Everyday users can translate that into a quick self-check. The researchers suggested a “5 Cs” shorthand for early warning signs:
- Consequences: problems with sleep, mood, work/school, money, or relationships tied to use
- Cravings: stronger urges than you expected
- Continued use despite harm: you see the damage but keep going
- Compulsion or loss of control: more than planned, unable to cut back
- Coping: using becomes your main way to manage stress or emotions
That lens is substance-agnostic. A family history of psychosis elevates risk from high-THC cannabis; a cardiac condition changes the calculus for stimulants, including caffeine. Psychedelics may help some in clinical settings and destabilize others, particularly without screening or support. Who you are, how you use, and the setting often matter more than a birthday.
Zoom out, and the social fabric is part of the risk environment. Many cultures have long used psychoactives in supervised rites of passage: guided, ritualized, embedded in community norms. The benefits there often flow from structure and meaning, not the molecule alone. Harm reduction borrows that insight for modern life: meet people where they are, offer accurate information, and reduce avoidable harms. Sheila Vakharia’s The Harm Reduction Gap is a succinct primer on why this public-health approach saves lives (book).

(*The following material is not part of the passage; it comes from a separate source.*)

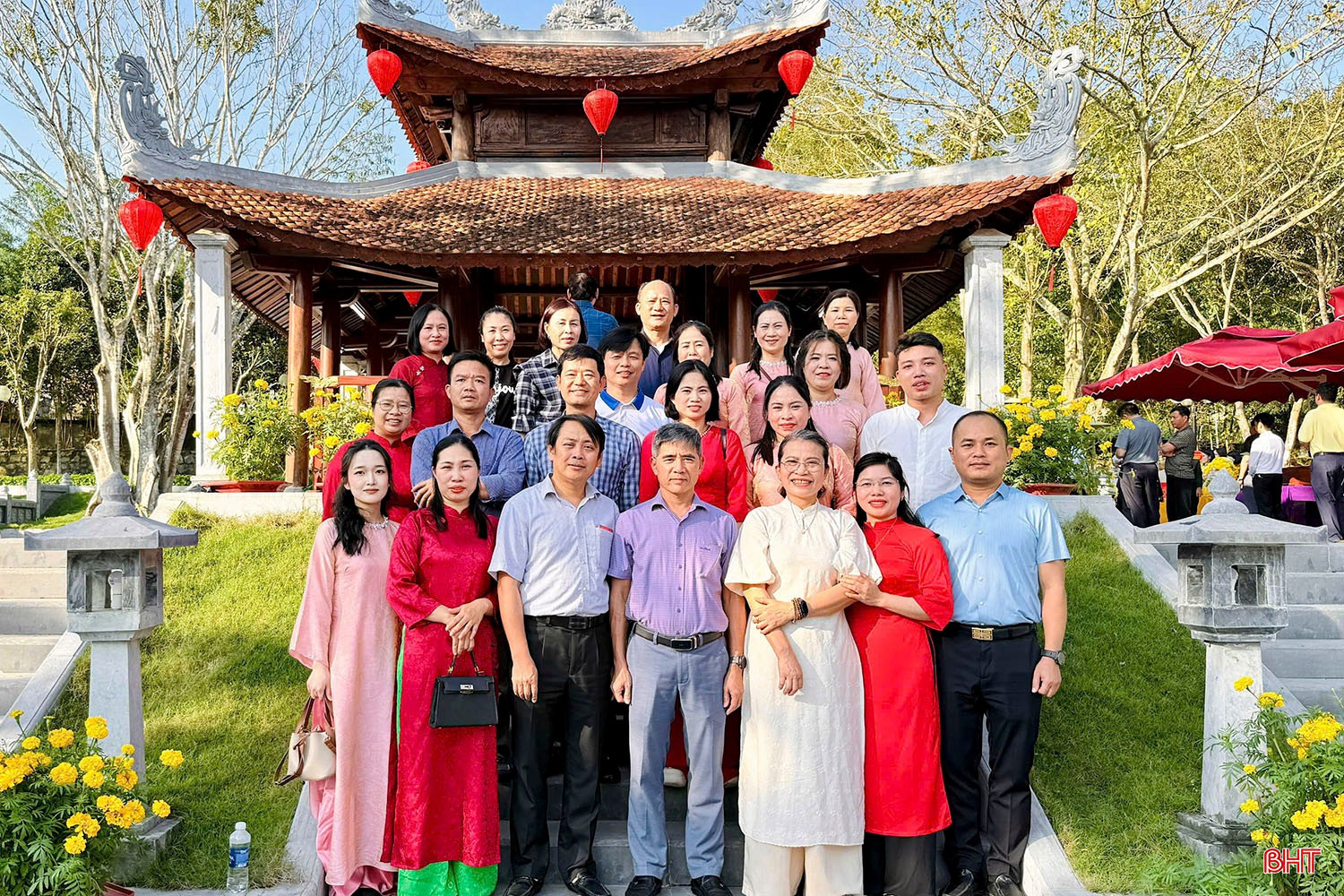 Bác sĩ Nguyễn Thế Phiệt (hàng đầu thứ 4 từ trái sang) cùng cán bộ, nhân viên Trung tâm Y tế Thạch Hà chụp ảnh lưu niệm sau khi dâng hương mộ Đại danh y Lê Hữu Trác.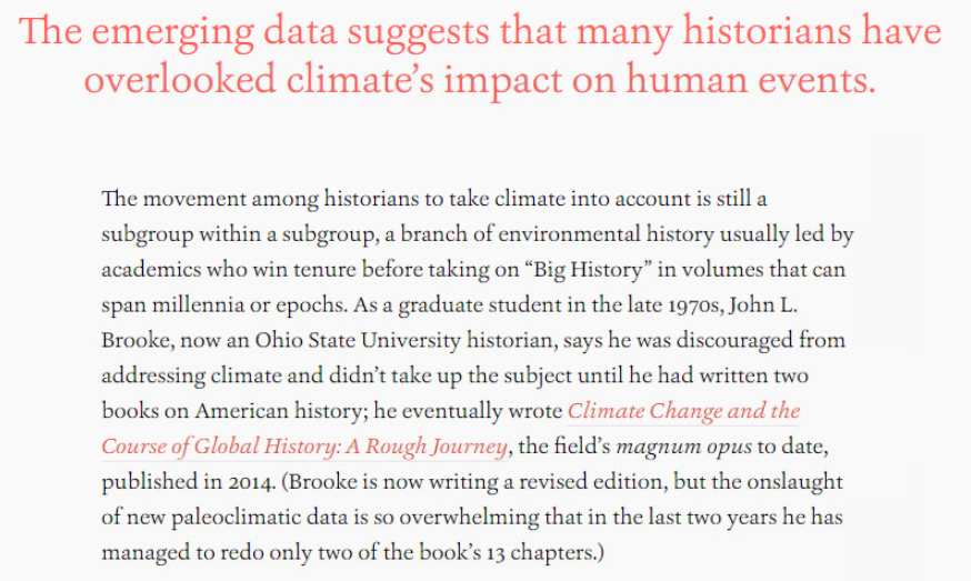もうひとつは、歴史学者が、最近の気候変動に関するデータに関心を持ち、気候が人間社会に与える影響を鑑み、これまでの歴史認識を変える話である。

None of this means abandon age limits. Societies set them for many reasons: developmental averages, social expectations, enforcement practicality. It does mean be honest about their basis, and don’t invoke neuroscience to defend numbers neuroscience can’t justify. If lawmakers prefer 21 to 18 for alcohol or cannabis, they should say it reflects a policy balance — not a neural finish line at 25.
Evidence can still inform the details:
- Graduated, lower-risk access models: limit high-potency products or marketing to younger adults while allowing legal, regulated access to reduce illicit-market harms
- Context-first education: teach dosing, mixing risks, and safer-use practices instead of fear scripts, particularly for college-age populations
- Screening and support: integrate brief interventions into primary care; make treatment easy to access and stigma-light via healthcare and community settings
- Equity by design: avoid policies that widen racial or socioeconomic disparities in stops, searches, or sentencing
On communication, retire the myth cleanly. Say what the science supports. Adinoff and Nunes offer more precise language: “brain development is continuous and individual specific,” “different brain regions mature at different rates,” and “there is no single biological cutoff age that determines safe or unsafe substance use.” Clear, accurate, and far harder to put on a billboard — which is precisely the point.
The irony is that the truer story might be more compelling. Lifespan science reveals a brain that reorganizes with purpose, trading integration and specialization in different seasons of life. The Nature Communications team mapped those seasons: a childhood pivot near 9, a striking topological shift around 32, slowing change through midlife, and late-life reconfiguration. The lines we draw in civil code can learn from that complexity, even if they’ll never match it.
Policy thrives on clarity; biology on nuance. We should build rules that can hold both. The first step is easy: stop pretending a messy, beautiful organ obeys a round-number myth.